Ornella è abituata al silenzio della natura: a far da sfondo alle sue azioni quotidiane. Non ci sono i nostri rumori cittadini (così tanto deleteri per la nostra salute) ma solo ed esclusivamente i canti degli uccelli e lo starnazzare delle anatre.

I suoi giochi non sono bambole o macchinine, ma pulcini e lemuri e tutto quello che riesce ad inventarsi insieme ai suoi amichetti. Ornella ha quel qualcosa in piu’ che manca a tutti noi, a chiunque nasca e cresca in un ambiente come il nostro. Quel qualcosa che avevamo ma abbiamo perduto; ciò che ti rende parte della natura nel senso più stretto; che non ti fa pensare a orari, a scadenze e quant’altro perche tutta la tua giornata, la tua vita scorre in maniera fluida, naturale. 

Ornella è una bambina fortunata e, forse, non lo sa. O, al contrario, ora l’ha capito.
L’affetto che ci lega ad Ornella si è consolidato e la continueremo a seguire, per quanto possibile. Prima di lasciarla al villaggio, Francesca ha parlato con il suo maestro di scuola.

Ornella ha 11 anni ma solamente dall’anno scorso ha potuto andare a scuola; quindi è molto indietro, scolasticamente parlando. L’insegnante la seguirà privatamente per aiutarla a fare due anni in uno, e quindi avanzare di classe.
Ad Ornella piaceva molto fare le fotografie con il cellulare che poi riguardava più volte tutta contenta. Aveva trovato il modo per aiutare il suo cervello a catturare più immagini possibili. Ci siamo ritrovati con una serie infinita di scatti nostri di piccoli momenti, di attimi della nostra vita, ai quali non facciamo attenzione o prendiamo in considerazione. Ma che sono importanti, perché SONO la nostra vita”.

Spero che non si dispiaccia il professor Umberto Valente, 77 anni, genovese, chirurgo di fama mondiale, pioniere e maestro nella scuola dei trapianti e fino al 2012 non dimenticato direttore del centro trapianti del San Martino. Non a caso nel titolo ho parlato di rivincita e non di vendetta che farebbe presumere sentimenti che non trovano alcun riscontro nell’animo dell’uomo che sette anni fa, al temine di una faticosa vicenda, dopo essere andato in pensione, si è trasferito altrove per esercitare la sua professione di medico e di formatore. Inseguendo quella voglia di rendersi ancora utile “sul campo” e di solidarizzare con i pazienti e le popolazioni meno fortunate.

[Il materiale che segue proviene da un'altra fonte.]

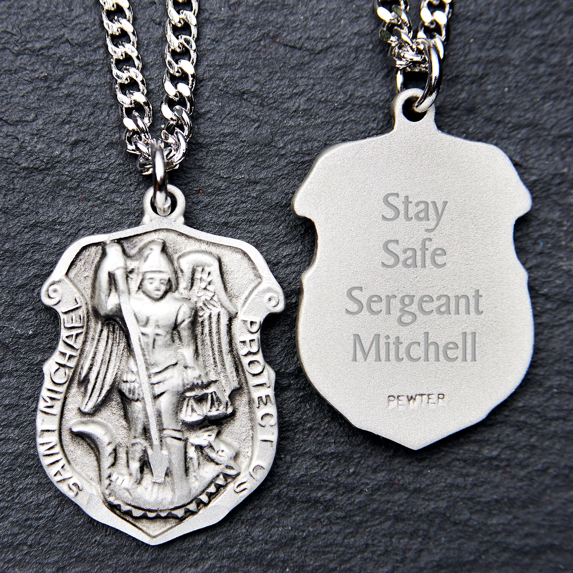 Send him blessings of love and safety with our handsome St. Michael Law Enforcement Personalized Pendant.

Quella dei suoi anni fuori dall’Italia è una storia che merita di essere raccontata e conosciuta. Perché nel paese del “Prima gli italiani” e dell’”aiutiamoli a casa loro”, nel paese sovranista dell”Europa matrigna” e dei “porti chiusi”, nel paese dell’odio traboccante sui social, a scopo di propaganda politica, ma non solo, la testimonianza di Umberto Valente invita ad aprire gli occhi ed ad allargare gli orizzonti. Oltre a trasmetterci, in qualche modo, un messaggio di speranza.

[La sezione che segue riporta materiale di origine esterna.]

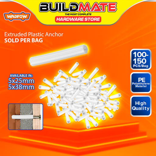 Buildmate Online DepotBUILDMATE Wadfow Extruded Plastic Anchor 5x25mm / 5x38mm White Ribbed Tubular Straight Plastic Insulation Expansion Anchor Wall Plug SOLD PER PACK...

Parto dalla fine, perché è giusto che sia così.
Anche se è facile capirlo dalle sue parole, la ferita per il trattamento subito nella sua città, e non tanto dal punto di vista personale quanto per gli effetti devastanti su una risorsa come il centro trapianti, è ancora ben presente e stenta a rimarginarsi. Ma, come dice lui, non tanto per una sorta di offesa al suo carattere forte, alla sua esperienza di medico, al suo curriculum e alla sua carriera – alla sua figura ancora carismatica, insomma -, quanto per i genovesi ed i pazienti.

Comunque acqua passata che, per forza di cose, ormai, non macina più. O almeno così, purtroppo, dovrebbe essere. E in quel caso, manco a dirlo, a deludere Umberto Valente è stata una sorta di miopia dei politici di turno. Purtroppo, sempre quelli e quella.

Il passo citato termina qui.